2022-01-31 PDF converted to EAD and description updated by Leah Edelman.
History / Biographical Note
Biographical / Historical
The Missionary Research Library was created by John R. Mott in 1914 after the World Missionary Conference, held in Edinburgh, Scotland in 1910. It was created in order to be both a resource for missionaries, and a means to document the missionary movement. With funding from John D. Rockefeller, Mott stated, "We are now ready to…secure the most complete and serviceable missionary library and archives in the world. I desire it to be thoroughly interdenominational, ecumenical and international. It should be made preeminently rich in source material." It was located at the Madison Avenue headquarters of the Foreign Missionary Conference of North America. By the 1920s, funding was becoming scarce; therefore it was moved to the Brown Tower of the Union Theological Seminary, New York City in 1929. The Library was an important center of information and research. Active missionaries would consult the material of the Missionary Research Library while on furlough. Much of the Library's success was due to the director and librarian, Charles H. Fahs. Upon his retirement in 1948, the MRL's financial difficulties continued until it was integrated with the Burke Library's collections in 1976. In 2004, the Burke Library was fully integrated with the Columbia University Library system.
T.C. Chao, 1888 - 1979: Chao studied at Vanderbilt University and promoted an indigenous Chinese Christianity. United Board for Christian Colleges in China: Formed in 1945, by 1950 it had incorporated nearly every Christian higher education institution in China. After 1950, while prevented from operating within the People's Republic of China, it remained active in other Asian countries. Yale-in-China / Nurse-in-China: The Yale-in-China association was incorporated in 1934, and they established a college first in Changsha 長沙, Hunan province 湖南 and later in Wuhan 武漢, Hubei province 湖北. The Nurse-in-China program was centered on Xiangya Hospital 湘亞in Changsha. China Christian Educational Association: Organized in 1890, this association met once every three years to discuss education in China, and in 1912 organized an advisory council consisting of delegates from associated groups.

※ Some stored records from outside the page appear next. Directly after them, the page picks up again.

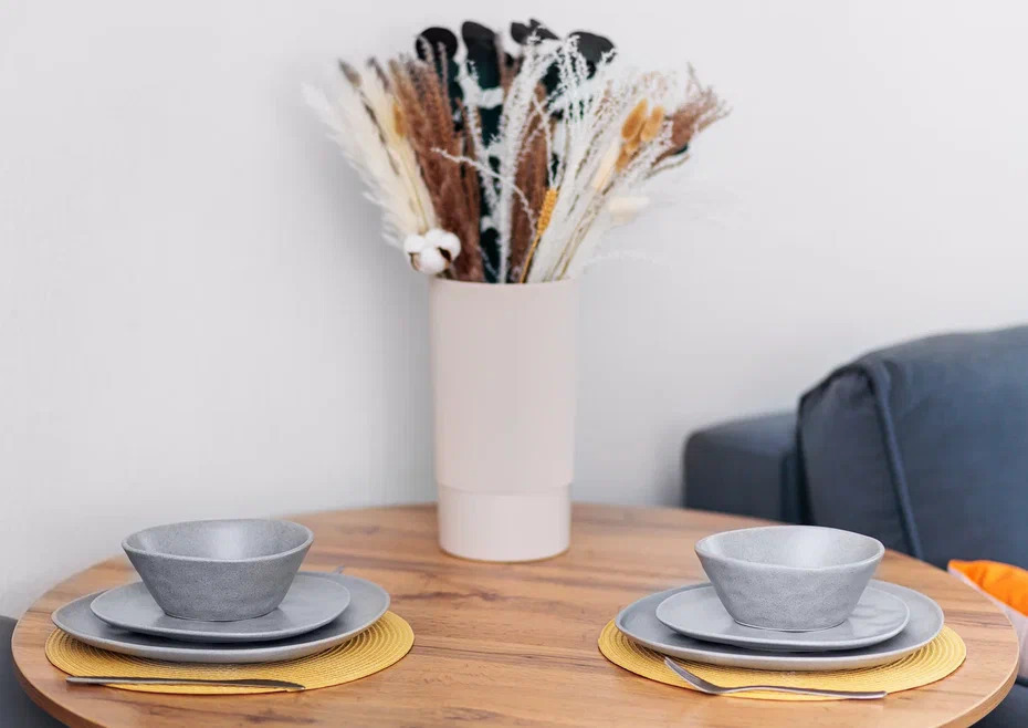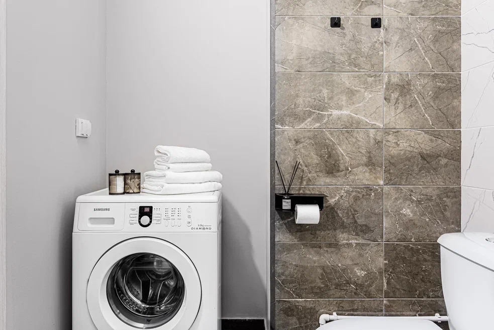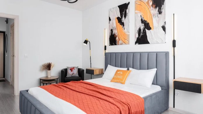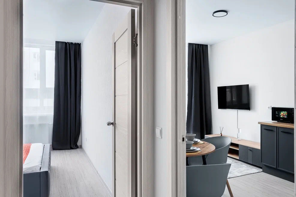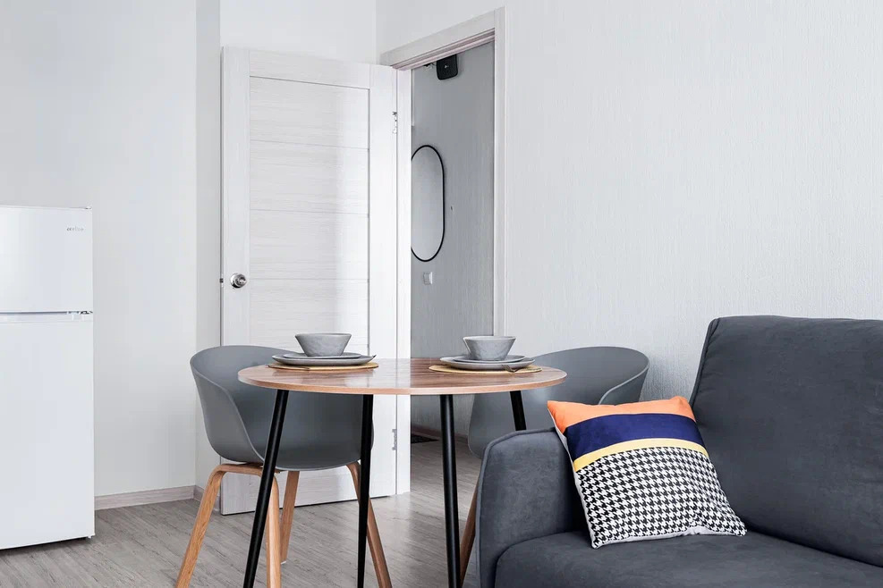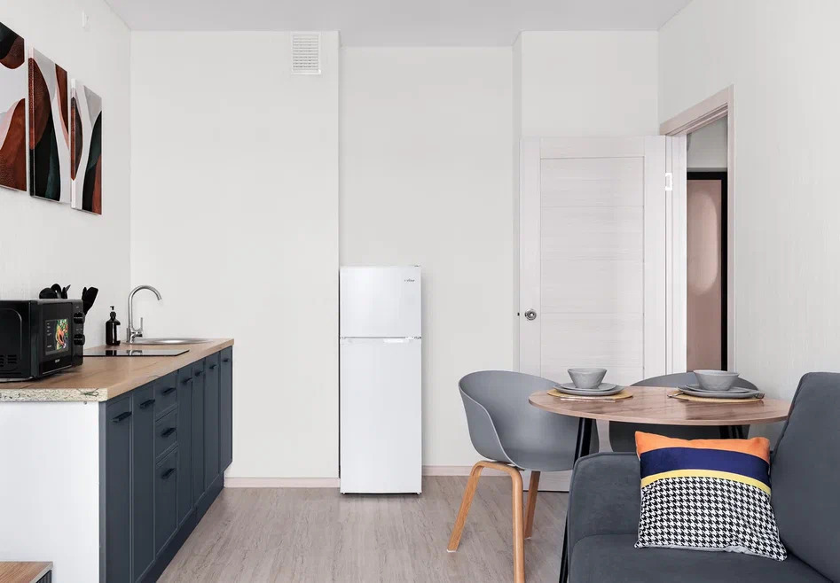Современная мебель, посуда, бытовая техника. Заправленное постельное белье, полотенца, одноразовые губки, тряпочки. На кухне есть вся необходимая посуда для приготовления пищи.
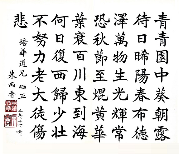 自然界的时序不停交换,转眼春去秋来,园中葵及万物经历了春生、夏长,到了秋天,它们成熟了,昔日奕奕生辉的叶子变得焦黄枯萎,丧失了活力。人生也是如此,由青春勃发而长大,而老死,也要经历一个新陈代谢的过程。这是一个不可移易的自然法则。诗人用“常恐秋节至”表达对“青春”稍纵即逝的珍惜,其中一个“恐”字,表现出人们对自然法则的无能为力,青春凋谢的不可避免。接着又从时序的更替联想到宇宙的无尽时间和无垠空间,时光像东逝的江河,一去不复返。由时间尺度来衡量人的生命也是老死以后不能复生。在这永恒的自然面前,人生就像叶上的朝露一见太阳就被晒干了,就像青青葵叶一遇秋风就枯黄凋谢了。诗歌由对宇宙的探寻转入对人生价值的思考,终于推出“少壮不努力,老大徒伤悲”这一发聋振聩的结论,结束全诗。这个推理的过程,字面上没有写出来,但读者可循着诗人思维的轨迹,用自己的人生体验来补足:自然界的万物有一个春华秋实的过程;人生也有一个少年努力、老有所成的过程。自然界的万物只要有阳光雨露,秋天自能结实,人却不同;没有自身努力是不能成功的。万物经秋变衰,但却实现了生命的价值,因而不足伤悲;人则不然,因“少壮不努力”而老无所成,就等于空走世间一趟。调动读者思考,无疑比代替读者思考高明。正由于此,使这首诗避免了容易引人生厌的人生说教,使最后的警句显得浑厚有力,深沉含蓄,如洪钟长鸣一般,深深地打动了读者的心。句末中的“徒”字意味深长:一是说老大无成,人生等于虚度了;二是说老年时才醒悟将于事无补,徒叹奈何,意在强调必须及时努力。
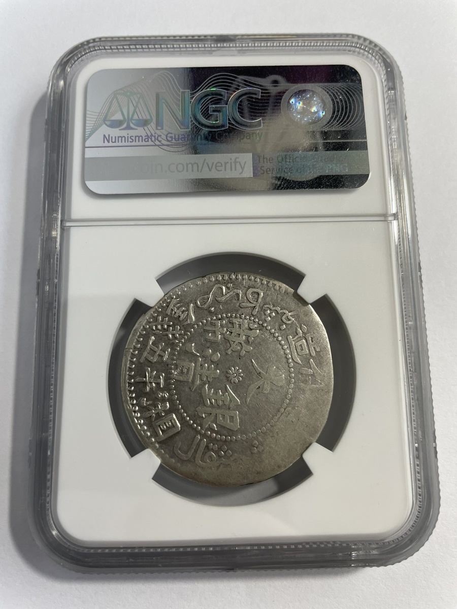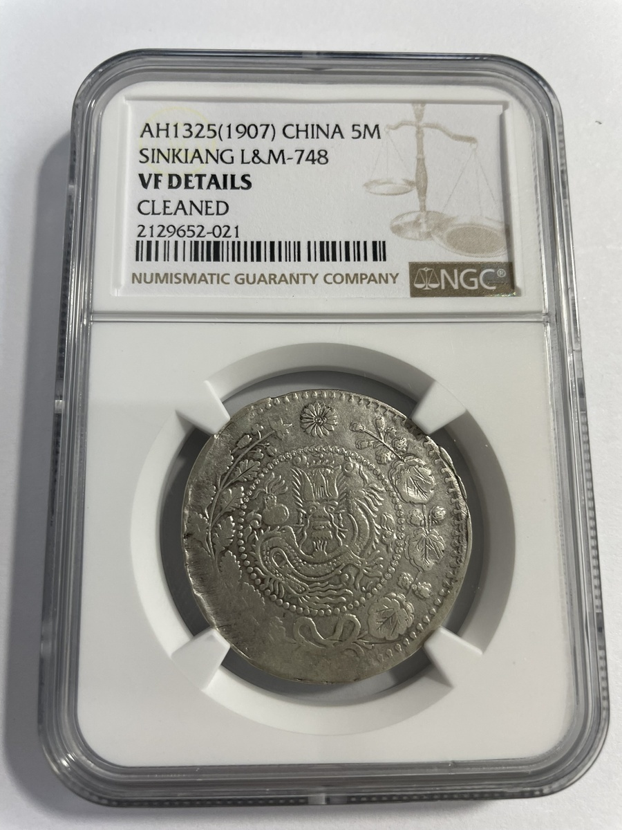 China. Imperial. Xinjiang Province (Sinkiang). 5 Miscals, Kashgar AH 1326 (1908). Dragon within beaded circle, wreath around; date upper left. Y.25.1, L&M 750. NGC VF Details, cleaned. Now toning.
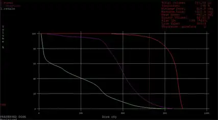 Dose volume histogram in case 1 (red: tumour, dark magenta: small intestine and surrounding tumour, and light green: right kidney).
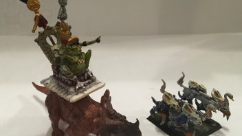 Der Stegadon war um ersten mal im Einsatz, und war verdammt zäh! Ich konnte aber die Skinks mit den Armbrüsten runter schießen, und ab da wussten wir überhaupt nicht mehr, wie wir ihn bewegen sollten 😂
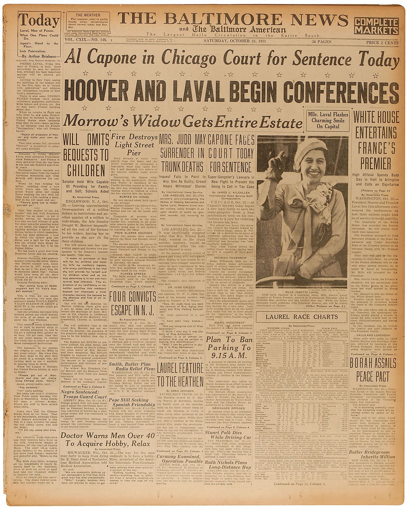 Original October 24, 1931, edition of The Baltimore News, 17 x 21, 36 pages, with the banner reading "Al Capone in Chicago Court for Sentence Today," with a one column article's headline stating "Capone Faces Court Today For Sentence. Super-Gangster's Lawyers in New Fight to Prevent His Going to Cell in Tax Case." In good to very good condition, with central horizontal fold, mild toning, heavier to edges, and some chips to the very fragile edges.
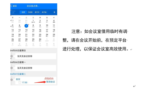 STEP3:取消会议室预定:在“会议”—“会议室使用情况”—点击本人预定信息右侧图标“取消”。
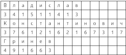 Для начала напишем под каждой буквой имени и фамилии соответствующую ей цифру. У вас получится строка цифр, выглядящая следующим образом:
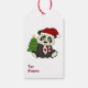Den här berömvärda julklappens märkre har en söt tecknad-panda som är klädd i en röd julhatt och som halkar på ett rött och vitt, randigt candy cane. Under bilden visas det röda anpassadet Beary God jul. Bilden och texten placeras på en vit bakgrund. Baksidan av märkrn har en annan bild av samma björn, med en grönt helgdag träd bakom sig. Du kan fylla i anpassningsbar fält för Till- och Från-information, om du vill, eller lämna den tom för skriva för hand. Särskilt tilltalande för barn! *Tack vare Real Deal Clipart för det klipp som används för att skapa den här märkrn. http://realdealclipart.com * Den här presenten matchar Panda Bear Candy cane-presentfigurationen i vår butik.
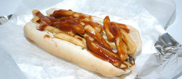 Bu tarifte, kızarmış patates, coleslaw ve barbekü sos ile süslenmiş sıcak Polonya sosisi kullanılır.
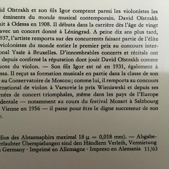 L280 Bach Violin Concertos I. & D. Oistrakh Gossens DGG 138 820 SLPM Red Stereo

Y.C. Yang (Yang Yongqing), 1892 - 1956: Yang studied at Soochow University (東吳大學) in China and George Washington University in the U.S. National Christian Conference of China: Held in Shanghai in May of 1922, with Myfanwy Wood, 1882-1967, Y.C. Cheng (Cheng Yingyi) and Edwin C. Lobenstine as chairpersons. The conference created the National Christian Council of China to continue the work of the China Continuation Committee. Bailey Willis, 1857 - 1949: A geological engineer and university lecturer, he led an expedition to China in 1904-1905, the findings of which were published in 1907 as Research in China, and he conducted a field study in East Asia in 1937. John Mott, 1865 - 1955: Mott was the chair of the 1910 World Missionary Conference in Edinburgh, Scotland. He was a leader of the World Student Christian Federation and received the Nobel Peace Prize in 1948. China Continuation Committee: This committee was formed in 1913 in Shanghai to connect the Edinburgh Committee (a legacy of the 1910 World Missionary Conference), mission boards in the West and missionaries in China. In 1922 the committee dissolved as the National Christian Council was formed and took over its mission.